◆ **TASK DIRECTIONS**
Strip out the pictures and output each remaining line of the data word for word.

◆ **DATA**
········

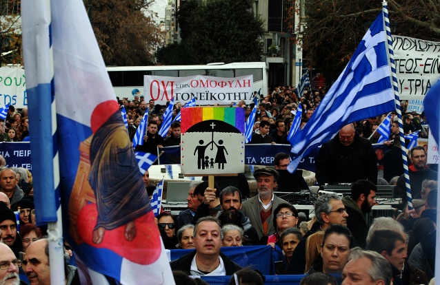 Milhares de pessoas manifestaram-se hoje em Atenas para protestar contra o projeto de lei apresentado pelo governo conservador, que legaliza o casamento homossexual no país, mostrando cartazes contra a união legal de duas pessoas do mesmo sexo
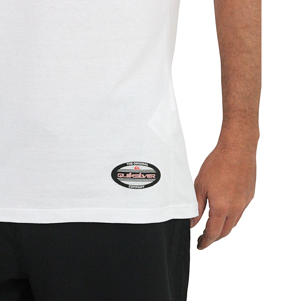 A Camiseta Quiksilver Omni Chrome Line White é produzida com tecido 1/2 malha 100% Algodão. Estampa exclusiva Quiksilver em silk em alto relevo com acabamento metalizado no peito e silk personalizado na barra.
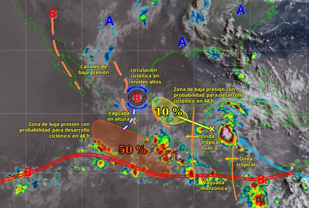 Durante este día, la onda tropical número 6 será absorbida por una zona de baja presión con potencial de desarrollo ciclónico en el océano Pacífico. Este sistema se desplazará frente a las costas de Oaxaca y Chiapas, donde interactuará con un canal de baja presión en el sureste del país. A esto se suma el ingreso de humedad proveniente del Pacífico, el golfo de México y el mar Caribe, así como la cercanía de una nueva onda tropical a la península de Yucatán, lo cual favorecerá la presencia de lluvias intensas en regiones de Veracruz, Oaxaca, Chiapas, Tabasco, Campeche y Quintana Roo, además de precipitaciones muy fuertes en Yucatán.
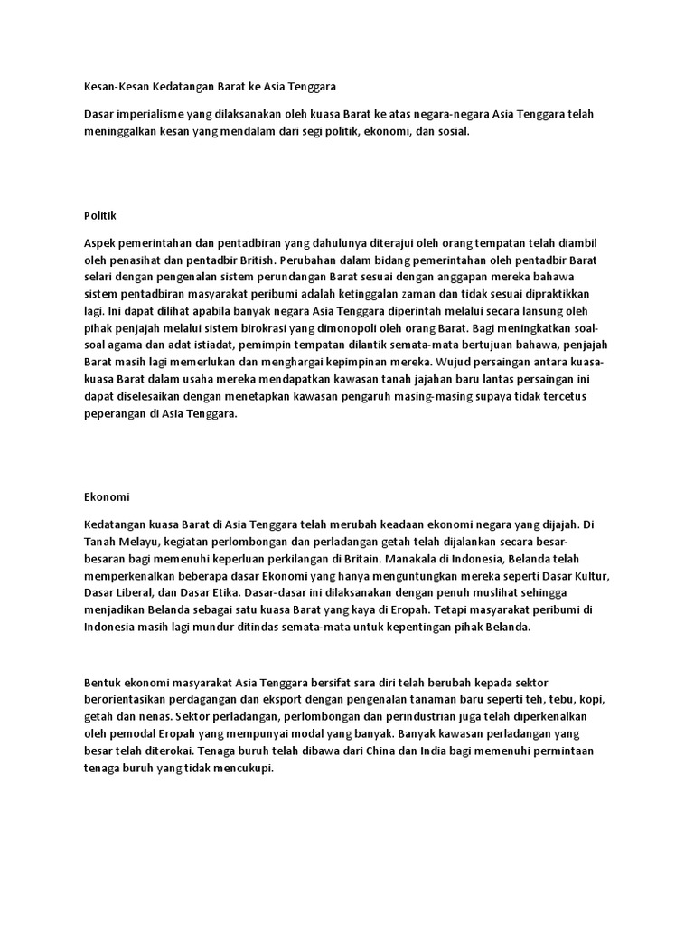 Kesan Kedatangan Kuasa Barat Ke Tanah Melayu Dari Segi Politik Ekonomi Dan Sosial

········

◆ **TASK RESPONSE**
 Milhares de pessoas manifestaram-se hoje em Atenas para protestar contra o projeto de lei apresentado pelo governo conservador, que legaliza o casamento homossexual no país, mostrando cartazes contra a união legal de duas pessoas do mesmo sexo
 A Camiseta Quiksilver Omni Chrome Line White é produzida com tecido 1/2 malha 100% Algodão. Estampa exclusiva Quiksilver em silk em alto relevo com acabamento metalizado no peito e silk personalizado na barra.
 Durante este día, la onda tropical número 6 será absorbida por una zona de baja presión con potencial de desarrollo ciclónico en el océano Pacífico. Este sistema se desplazará frente a las costas de Oaxaca y Chiapas, donde interactuará con un canal de baja presión en el sureste del país. A esto se suma el ingreso de humedad proveniente del Pacífico, el golfo de México y el mar Caribe, así como la cercanía de una nueva onda tropical a la península de Yucatán, lo cual favorecerá la presencia de lluvias intensas en regiones de Veracruz, Oaxaca, Chiapas, Tabasco, Campeche y Quintana Roo, además de precipitaciones muy fuertes en Yucatán.
 Kesan Kedatangan Kuasa Barat Ke Tanah Melayu Dari Segi Politik Ekonomi Dan Sosial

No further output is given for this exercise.